-- Required work --
Below are records with pictures in them. Transcribe everything from the line containing "拿到导出的信息后,我们请出今天的主角——Cursor。为了让 Cursor 具备逆向分析的专有知识,我们需要加载一份特殊的" down to the line containing "カレンダー内の既存の予定をクリックすると,編集モードになります。", exactly, and leave the pictures behind.

-- Source data --

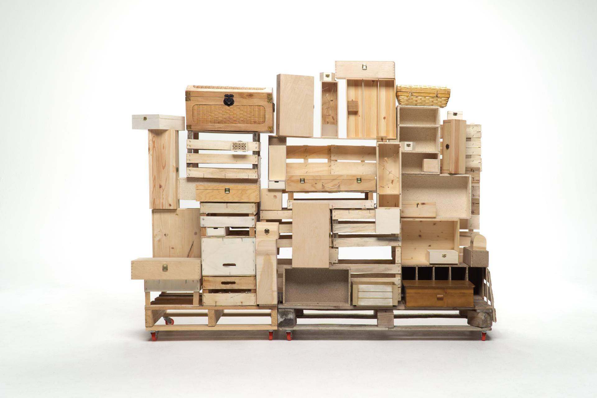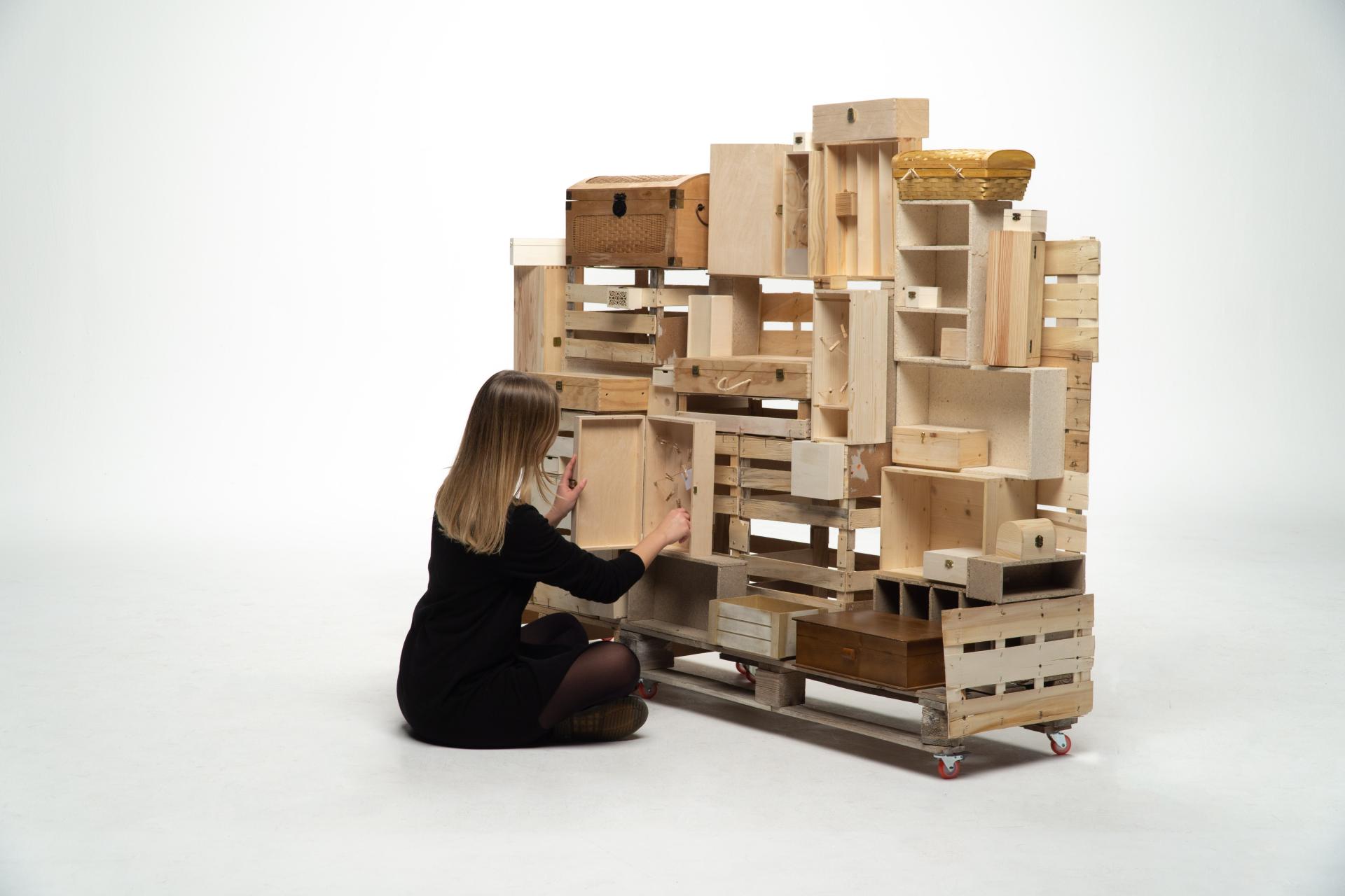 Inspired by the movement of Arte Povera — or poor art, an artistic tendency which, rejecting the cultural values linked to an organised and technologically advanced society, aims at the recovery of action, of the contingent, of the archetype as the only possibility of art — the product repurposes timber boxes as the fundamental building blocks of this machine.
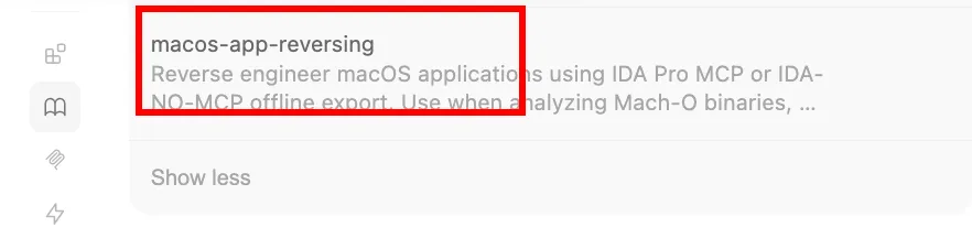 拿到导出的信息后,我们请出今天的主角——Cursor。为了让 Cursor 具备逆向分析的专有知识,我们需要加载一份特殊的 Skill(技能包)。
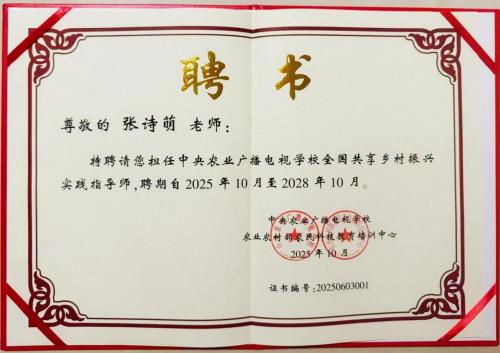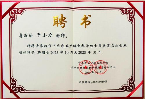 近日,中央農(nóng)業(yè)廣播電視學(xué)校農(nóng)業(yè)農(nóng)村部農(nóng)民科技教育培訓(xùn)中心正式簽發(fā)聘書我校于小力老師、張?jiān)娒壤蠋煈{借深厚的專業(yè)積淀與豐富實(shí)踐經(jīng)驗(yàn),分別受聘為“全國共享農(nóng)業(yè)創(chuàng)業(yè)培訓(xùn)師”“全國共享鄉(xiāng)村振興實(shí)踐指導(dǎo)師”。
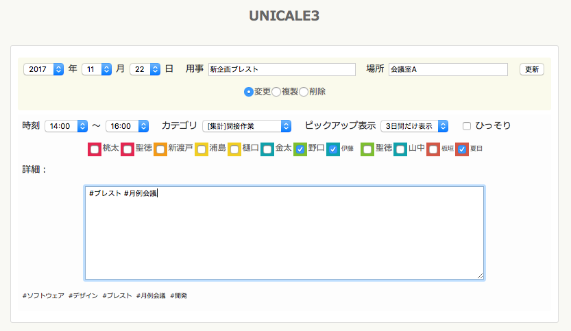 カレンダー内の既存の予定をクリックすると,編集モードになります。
--
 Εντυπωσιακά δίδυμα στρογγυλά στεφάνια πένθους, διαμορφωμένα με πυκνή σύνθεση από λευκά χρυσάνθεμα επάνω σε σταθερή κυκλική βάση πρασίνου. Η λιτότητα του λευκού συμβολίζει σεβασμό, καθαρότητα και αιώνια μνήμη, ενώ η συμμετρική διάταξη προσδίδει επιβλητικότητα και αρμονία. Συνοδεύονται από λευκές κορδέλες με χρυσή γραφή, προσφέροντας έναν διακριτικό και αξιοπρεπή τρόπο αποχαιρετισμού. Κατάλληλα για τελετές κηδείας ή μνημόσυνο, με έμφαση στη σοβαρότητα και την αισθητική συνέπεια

-- Solution to the exercise --
 拿到导出的信息后,我们请出今天的主角——Cursor。为了让 Cursor 具备逆向分析的专有知识,我们需要加载一份特殊的 Skill(技能包)。
 近日,中央農(nóng)業(yè)廣播電視學(xué)校農(nóng)業(yè)農(nóng)村部農(nóng)民科技教育培訓(xùn)中心正式簽發(fā)聘書我校于小力老師、張?jiān)娒壤蠋煈{借深厚的專業(yè)積淀與豐富實(shí)踐經(jīng)驗(yàn),分別受聘為“全國共享農(nóng)業(yè)創(chuàng)業(yè)培訓(xùn)師”“全國共享鄉(xiāng)村振興實(shí)踐指導(dǎo)師”。
 カレンダー内の既存の予定をクリックすると,編集モードになります。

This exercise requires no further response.